Merkel 96K Drilling | Gun Carrier Rifle Reviews

Quick Look

The Merkel 96K Drilling is a German made three barrel combination gun pairing a 12 or 20 gauge shotgun with a rifle barrel in calibers like 7x65R, .308, or 9.3x74R. New models start around $4,829, and used or collector examples range from roughly $5,250 to $19,995 depending on engraving and condition. It’s built on the Blitz three lock system and remains a benchmark German hunting gun for shooters who want shotgun and rifle capability in a single barrel set.

Related: First-Time Home Defense Firearm Selection Guide: How to Choose the Right Gun

This article is for informational and educational purposes only. It is not a substitute for guidance from a licensed firearms dealer or legal counsel. Always verify current pricing, availability, and applicable state and federal law before purchasing or transferring any firearm.

What Is the Merkel 96K Drilling?

Merkel 96K Drilling

The Merkel 96K Drilling is a three-barreled hunting firearm built in Suhl, Germany, that combines a shotgun and a rifle barrel into one gun.

Drillings solve a specific field problem: carrying two completely different gun types on the same hunt without carrying two completely different guns. The 96K pairs a 12 or 20 gauge shotgun barrel set with a single rifle barrel underneath, so a hunter who jumps a deer while working a bird field doesn’t have to choose which gun to bring. The 96K is one of several drilling configurations Merkel produces, sitting alongside the Doppelbüchsdrilling and Bergstutzen variants, but it’s the standard entry point into the drilling category.

Merkel has produced these guns for close to a century, and the company’s reputation rests heavily on its in-house engraving program. Each gun passes through hand engravers before it ships, which is part of why pricing varies so widely between a base production model and a fully engraved example.

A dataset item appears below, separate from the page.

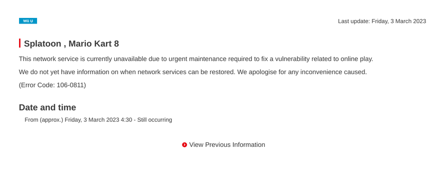 Nintendo zawiesiło funkcje online w Mario Kart 8 i Splatoon na Wii U z powodu luki w zabezpieczeniach. 2 marca o godzinie 23:30 EEC obie gry zostały zdjęte z sieci i prawdopodobnie naprawa problemu zajmie kilka dni. Należy pamiętać, że nie dotyczyło to wersji na Nintendo Switch.

How Much Does the Merkel 96K Drilling Cost New and Used?

New Merkel 96K Drilling models start around $4,829, while used and collector examples run from roughly $5,250 to over $19,995 depending on engraving, condition, and caliber configuration.

As of June 2026, a Merkel Drilling 96K in 7x65R was listed new at $4,829.30 through Guns.com, with comparable used pricing around $4,346. On the higher end of the secondary market, a 96K Drilling chambered in 12x12x9.3x74R, engraved by Gerhard Liebsher and fitted with a Leupold 1.75-6×32 scope, was listed at $9,250 through Steve Barnett Fine Guns, a price point that closely matches what this model has historically commanded for a well-equipped, lightly used example. Listings on the secondary collector market range more broadly than that, with basic examples appearing closer to $5,250 and heavily engraved or rare-caliber pieces reaching $19,995 or more.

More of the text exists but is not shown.